INSTRUCTIONS TO FOLLOW » Practice item. Set the material below down again exactly, with no pictures.

SUPPLIED MATERIAL »
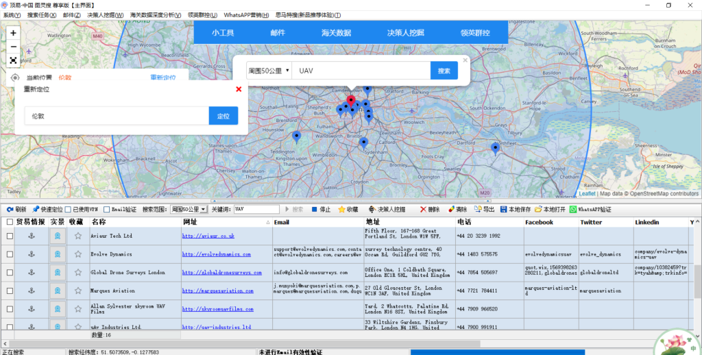 言归正传,我们不开发美国无人机的客户,那我们找其他国家无人机的客户,通过什么工具更好呢?今天给大家分享的是通过地图搜索,开发英国无人机客户的方法。
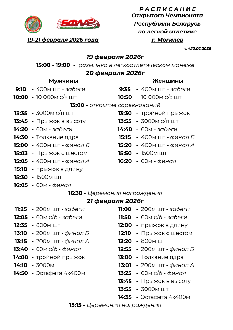 Торжественная церемония открытия запланирована на 13:00. Вход в спорткомплекс «Олимпиец» для зрителей свободный. Для тех, кто не сможет присутствовать на трибунах, будет доступна прямая трансляция чемпионата на телеканале «Беларусь 5».
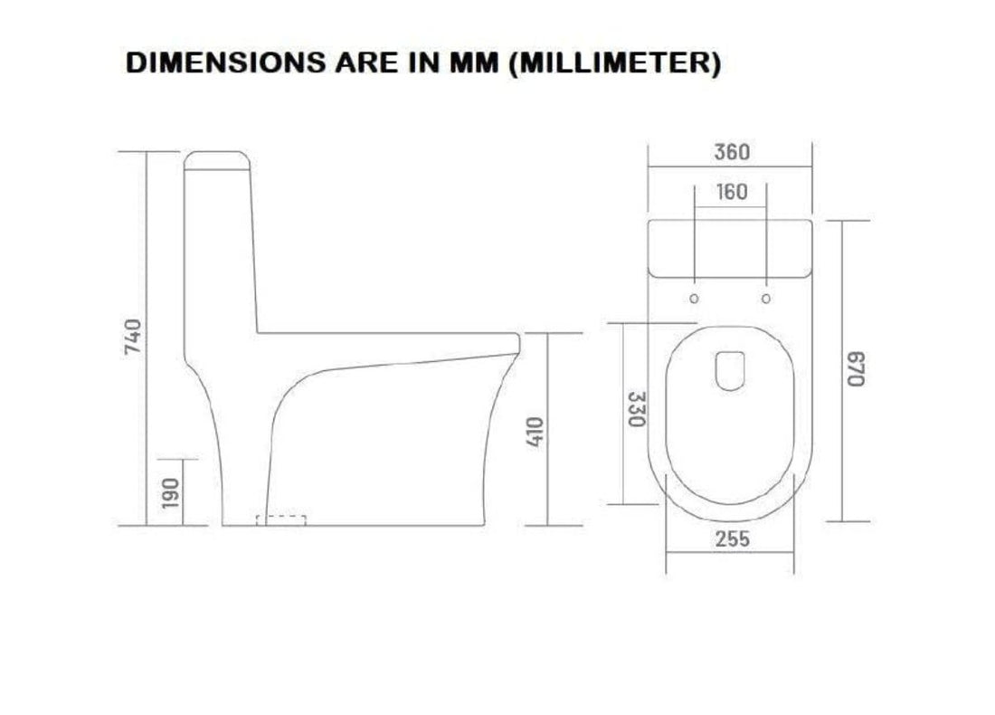 InArt Designer One Piece P Trap Commode – White Ceramic, Soft Close, 66.5x45.5x56 cm

WRITTEN SOLUTION »
 言归正传,我们不开发美国无人机的客户,那我们找其他国家无人机的客户,通过什么工具更好呢?今天给大家分享的是通过地图搜索,开发英国无人机客户的方法。
 Торжественная церемония открытия запланирована на 13:00. Вход в спорткомплекс «Олимпиец» для зрителей свободный. Для тех, кто не сможет присутствовать на трибунах, будет доступна прямая трансляция чемпионата на телеканале «Беларусь 5».
 InArt Designer One Piece P Trap Commode – White Ceramic, Soft Close, 66.5x45.5x56 cm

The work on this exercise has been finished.